On July 20, 2006, the Governor's School for International Studies was cancelled due to an outbreak of whooping cough among the students. This closure marked the first premature end of any New Jersey Governor's School program.

===Reductions in programs===
On October 10, 2008, the Governor's School of New Jersey website stated, "There will be no Governor's School of the Arts in 2009. It is hoped that this School may be reinstituted for the Summer of 2010." The School of the Arts has not yet reopened. According to the website as of 2013, "the Governor’s School of Public Issues and Governor’s School of International Studies ceased operations in" 2009, and "the Governor's School on the Environment did not operate in Summer 2011." Since 2012, only the two schools of the Sciences, and of Engineering and Technology continue to operate.

| School | Location | Inaugural year | Final year |
|---|---|---|---|
| Governor's School of Public Issues | Monmouth University | 1983 | 2009 |
| Governor's School in the Sciences | Drew University | 1984 | active |
| Governor's School of the Arts | The College of New Jersey | 1984 | 2008 |
| Governor's School on the Environment | Richard Stockton College of New Jersey | 1989 | 2010 |
| Governor's School of International Studies | Ramapo College | 2000 | 2009 |
| Governor's School of Engineering and Technology | Rutgers University, Busch Campus | 2001 | active |

==Admission==
Students must be nominated by the guidance counselor in the high school. An interested student should speak with the guidance counselor in September of his/her junior year to express an interest in applying to the program. The program is open to all public, private, and parochial schools in New Jersey, and to all home-schooled students who live in New Jersey.

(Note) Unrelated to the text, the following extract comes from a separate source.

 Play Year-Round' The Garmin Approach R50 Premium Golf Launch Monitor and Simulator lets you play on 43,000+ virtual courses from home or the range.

Since its inception in 1983, the program has served over 11,000 students. Typically 400-500 students per program apply, and approximately 85-100 students are accepted into each program each year.

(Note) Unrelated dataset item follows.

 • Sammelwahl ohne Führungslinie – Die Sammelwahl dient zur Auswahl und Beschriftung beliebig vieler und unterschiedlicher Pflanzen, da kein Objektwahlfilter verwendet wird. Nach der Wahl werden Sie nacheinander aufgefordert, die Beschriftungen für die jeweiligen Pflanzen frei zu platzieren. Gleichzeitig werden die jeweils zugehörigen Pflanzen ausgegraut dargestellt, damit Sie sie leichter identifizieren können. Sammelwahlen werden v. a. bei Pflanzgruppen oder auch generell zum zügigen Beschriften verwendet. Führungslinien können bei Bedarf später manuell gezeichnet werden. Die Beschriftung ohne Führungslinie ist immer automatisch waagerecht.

The 2013 Governor's School of the Sciences accepted 85 students out of 400 applicants.
The 2014 Governor's School of Engineering and Technology offered admission to 88 students from over 325 finalists.
All had first to be nominated by their respective high schools.

In 2016, due to large cutbacks, the Governor's School of the Sciences could only accept 58 students, from applicants from more than 300 schools across New Jersey. Applicants had to first be nominated by their school, and depending on the size of the school, only one to three students could be nominated.

==Curriculum==
In the School of the Sciences, scholars participate in a team project, an elective, and three core courses, which can range from molecular orbital theory to human evolution to special relativity. Available team projects included experiments in psychology, physics/math, and kinetics. The team projects are set up by team project leaders, who are usually professors. The scholars then either design their own experiments or they follow other preset experiments. By the end of the governor's school, each team puts together a paper and a slideshow. The slideshow is presented to the other teams, the professors, and any sponsors on the last day of governor's school.

==Notable alumni==

===Governor's School of Public Issues===
- Demetri Martin, comedian
- Boris Epshteyn

===Governor's School in the Sciences===
- Adam Riess (1987 attendee), 2011 Nobel Prize winner in Physics
- Laura Bilodeau Overdeck, co-founder of Overdeck Family Foundation, Founder and President of Bedtime Math
- Atul Butte (1986 attendee), scientist

===Governor's School of the Arts===
- Kal Penn, actor, Harold & Kumar Go to White Castle (2004)
- Hector Luis Bustamante, actor and graphic designer
- Gerard Canonico, actor, Spring Awakening (2006)
- Tina Gharavi, filmmaker, 1998, set up Bridge and Tunnel Productions, filmed Closer (2000); Mother/Country (2002)
- Chad Cooper, filmmaker, Flowerbomb (2006)
- Cristin Milioti, actor, "Once (musical), How I Met Your Mother, Wolf of Wall Street"
- Rebecca Metz, actor, Better Things (TV series), Coop and Cami Ask the World, Shameless (U.S. TV series)
- Dan Poblocki, author,

==Representation in other media==
- The 2006 Video/Film scholars made a documentary about the Governor's School of the Arts, available at the Film/Video scholars' website.

==See also==
New Jersey Scholars Program, a similar selective program with a focus on the humanities.